Regulations that restrict telemedicine would make it difficult for patients to confer with physicians, in spite of an upward acceptance of remote consultations to improve the ease of use of health care for underserved communities. South Korea’s current legislations that ban or restrict telemedicine practice in South Korea could have made it difficult to curtail the spread of COVID-19 in the country. The government’s decision to temporarily lift them was opportune. Findings in this study suggest a need to lift the legislative restrictions on telemedicine for the country’s post-COVID-19 healthcare systems. Healthcare providers’ growing support for telemedicineseems to be attributable to their direct experience with the benefits of telehealth services during the COVID-19 pandemic after the government temporarily eased telemedicine regulations and in the process opened up the digital health sector for growth.
The benefits of telemedicine in South Korea during the COVID-19 pandemic can be categorised into three: cost, access, and outcomes. While telemedicine does not seem to have replaced medical examination during Covid-19 pandemic in the context of South Korea’s healthcare system, it helped curtail the spread of the virus. It also avoided the need for patients to visit hospitals. It also improve care for patient undergoing palliative treatment or for management of chronic disorders during the pandemic by reducing hospital visitation. Healthcare service providers that substitute in-person consultations with brief video consultation can realise an improved capacity to attend to more patients in the same time frame. Healthcare service providers that substitute in-person consultations with asynchronous or virtual consultations experience improved productivity. This may tend to increase when more patients can be managed concurrently. Telemedicine also facilitate hospital avoidance, which has a potential to cut costs, particularly in reducing emergency department presentations. It also reduces a considerable number of needless outpatient appointments with medical specialists. In this case, cost saving would come about when the need for transportation to the hospitals is eliminated, unless found to be necessary.
Practical Implications
Telehealth services may not necessarily lead to short-term or medium-term cost savings. Because of this, health services that consider setting up telemedicine should be motivated to do so by focusing on other benefits of telehealth services, such as telemonitoring, instead of just cost savings’ potential.
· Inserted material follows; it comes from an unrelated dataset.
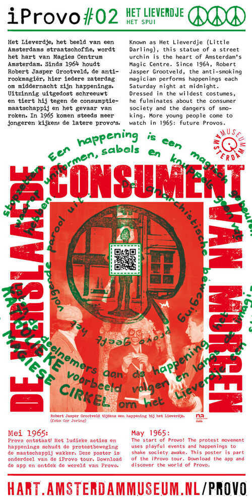 iProvo #02: Het Lieverdje, het beeld van een Amsterdams straatschoffie, wordt het hart van Magies Centrum Amsterdam. Sinds 1964 houdt Robert Jasper Grootveld, de anti-rookmagiër, hier iedere zaterdag om middernacht zijn happenings. Uitzinnig uitgedost schreeuwt en tiert hij tegen de consumptiemaatschappij en het gevaar van roken. In 1965 komen steeds meer jongeren kijken: de latere provo’s. ( Annemarie de Wildt)

Asynchronous consultations have a greater potential to lessen consultation time with a physician, than in-person consultations. Healthcare service providers would attain improved productivity of their clinicians by setting up telehealth services.
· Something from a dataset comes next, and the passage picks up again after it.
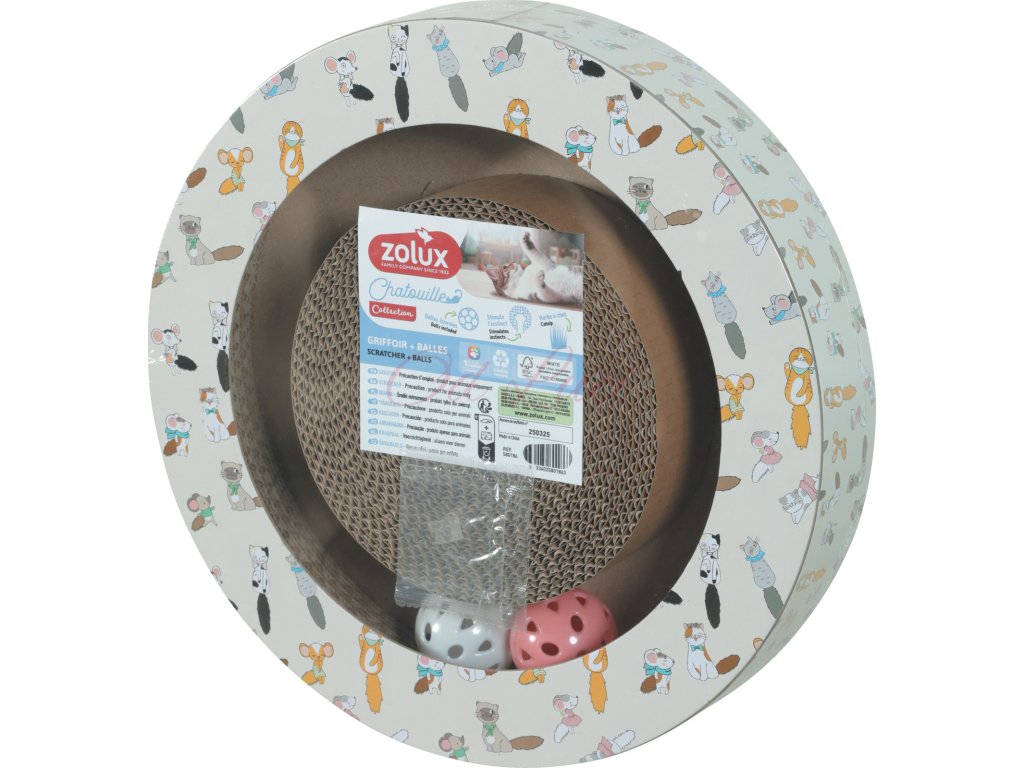 Zolux Škrabadlo CHATOUILLE lepenkové kulaté s míčky

The results of this survey will help policymakers in South Korea to evaluate certain aspects of telemedicine that make it a vital tool for caring for patient undergoing palliative treatment or for management of chronic disorders during the pandemic by reducing hospital visitation, and its limitation. This could provide a basis for a more reasoned approach to lifting the restrictions on telemedicine in a post-COVID-19 healthcare system in South Korea.
Implications for Research
A number of opportunities for future research are identified. More studies should be undertaken to analyse the economic benefits of telehealth to conclusively demonstrate whether cost savings provides sufficient motivation for setting up telehealth services. For instance, while the usage of telehealth to undertake triage referrals in wound care, dermatology, ophthalmology, and otolaryngology have been shown to effectively cut needless outpatient appointments with patients, there appears to be a dearth of research in this area.
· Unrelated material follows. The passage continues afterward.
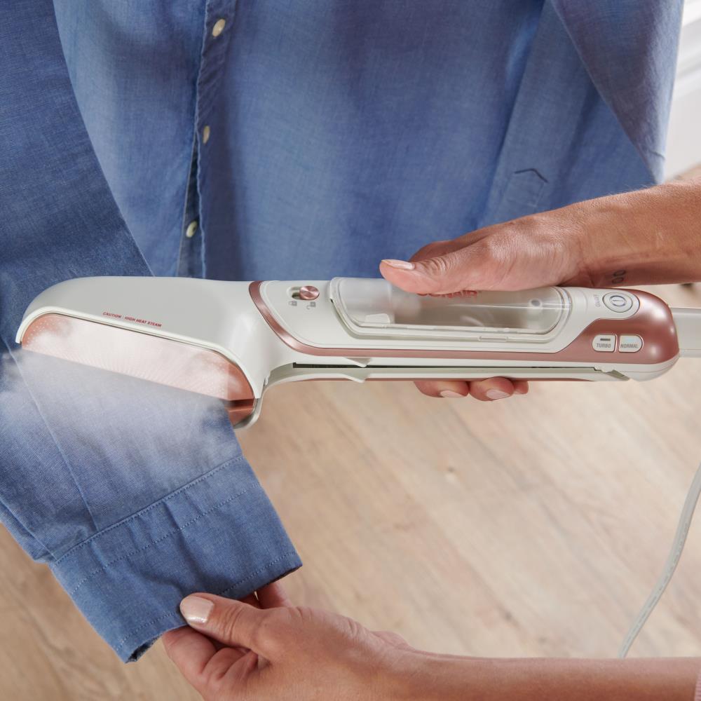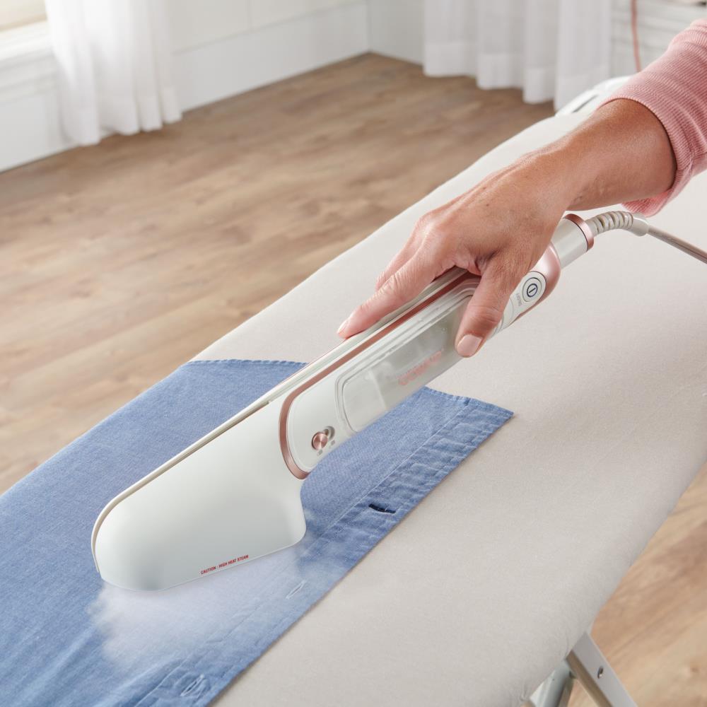This is the 3-in-1 wrinkle eliminator that combines the functions of a clothing steamer, iron, and press. It's uniquely designed to reach all parts of a garment at any angle including hard-to-reach collars, seams, and sleeves. The unit’s easy-gliding plates lock and unlock at the touch of a button, enabling one to switch from ironing, steaming, and pressing in an instant. Its exterior ceramic aluminum plates enable quick ironing and steaming while the interior plates allow for pressing two sides of a garment at once. With two steam settings and a removable 50mL water reservoir. AC plug. 14 1/2" L x 3" W x 2" D. (1 1/2 lbs.)

Telemedicine is beneficial both the clinicians and patients. Still, an economic analysis of telemonitoring does not convincingly indicate cost savings. While there are studies that have reported considerable cost savings, there are some that reported very minimal savings. Research on its financial benefit for both the clinicians and patients is not necessarily conclusive. Future longitudinal researches should consider closing this research gap.